A woman sat on a chair near my bed. She was perhaps as young as I, with a face carved from an Old Serkonoan statue and dressed with an amused expression. Dull brown bracers covered her forearms. Her blonde hair was down, with a small bun and the bangs mostly tied back. She wore a long dress with a high collar and and a high-waisted white skirt, done in with a purple sash. Her most striking features are her eyes. They were inky black, the blackest I've ever seen since…
No.
It's can't be.
"O…Out…Outsider…?" I dared ask.
"Yes."
"H…How?"
"You mean how did I get here or how am I the Outsider?"
"…"
"Oh, right, sorry. It's a long story. But I suppose we have time. The people who live here? Would be a while for them to get back."
I gathered all my courage into a question.
"Where is the Outsider?"
"What?"
"Where. Is. He?"
The woman inquisitively place her head on one hand.
"Oh, you mean the thin boy? I'm afraid he's retired."
"What. Do you mean. Retired."
The woman's expression subtly turned somber.
"He was freed. I do not know how or why, but he was emancipated from his duties as the Outsider."
My shoulders slump. She notices.
"Don't you know? Don't you know how we came to be?"
"…No."
She leaned back and reclined on her chair.
"He, like I, were sacrificed. By those who wished to curry the Void's favor."
I shook silently at the revelation.
"Many cults were formed in awe of the Void, but none managed harvest its power. Soon, they united out of a single cause: to siphon power from the Void and unlock its secrets. And they found out how. In order for the Void to listen to their pleas and offer them its gifts, it must have a figurehead. A being of sentience. A deity. In order to perform the ritual, certain conditions were met. They picked a time when the blood eclipse would align with the earth, to witness a miracle. Be it a grasshopper mass swarm or a fish rain. Then, a random urchin was picked off the streets. With his fingers adorned with rings and drugged out of his mind, he was strung over the ceremonial table and killed with a special knife."
If I had been skeptical, I am now completely mortified. A god, tailor made to offer a cult powers beyond their knowledge and understanding? But, mankind, trying to find a way to harvest such a enigma as the Void? I would never put it past them.
"The knife severed his name from humanity's subconscious and molded it into a mark, as he merged in part with the Void.

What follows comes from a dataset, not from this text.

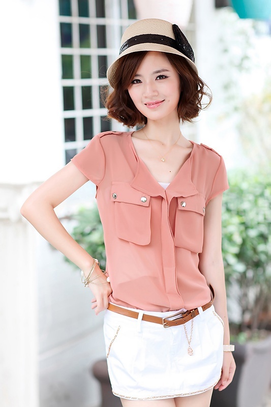 最喜欢本款搭配,微微露出一点锁骨就很美,女孩们似乎都对雪纺有种莫明的爱恋,它清新柔美,散发让人难以抗拒的迷人魅力。一身清新雪纺的装扮带给人眼前一亮的动人效果,提升气质的同时,让你周身散发着灵动的浪漫,版型宽松,随身随性,不限制身材,无论胖瘦都可穿着。胸前的口袋真的很大气,随和,浪漫雪纺衣,充满了飘忽不定的精灵气质,让你成为夏日时尚风向标。

His physical body lay trapped within the Void, as his astral projection was formed into the being you once knew as the Outsider. But, recently, he was somehow freed."
I stood up, in apprehension.
"How?"
She waved her hand.
"Easy, easy there. I'm the one with the facts here."
I quickly fell quiet.
"Someone stole the ceremonial knife and somehow made their way to the ritual hold. Freedom ensued."
I lowered my head in disbelief. The Outsider – no, an Outsider – can be made, and unmade? Granny Rags hath misplaced her faith.
"But how did you…"
"I was chosen next for the role. But from your world, they chose me across the barriers between worlds. They ripped me from this world, one that has yet to learn of the Void, into theirs."
This world? Into another? Barrier between worlds? Not knowing of the Void? What did she mean?
"I thought we are in the only world. Where the Empire still stands."
She let out a shrill chuckle.
"Wrong. YOU are no longer in the Isles. You have been transversed into another world. You are now in my former world, approximately 6000 years after my ascension."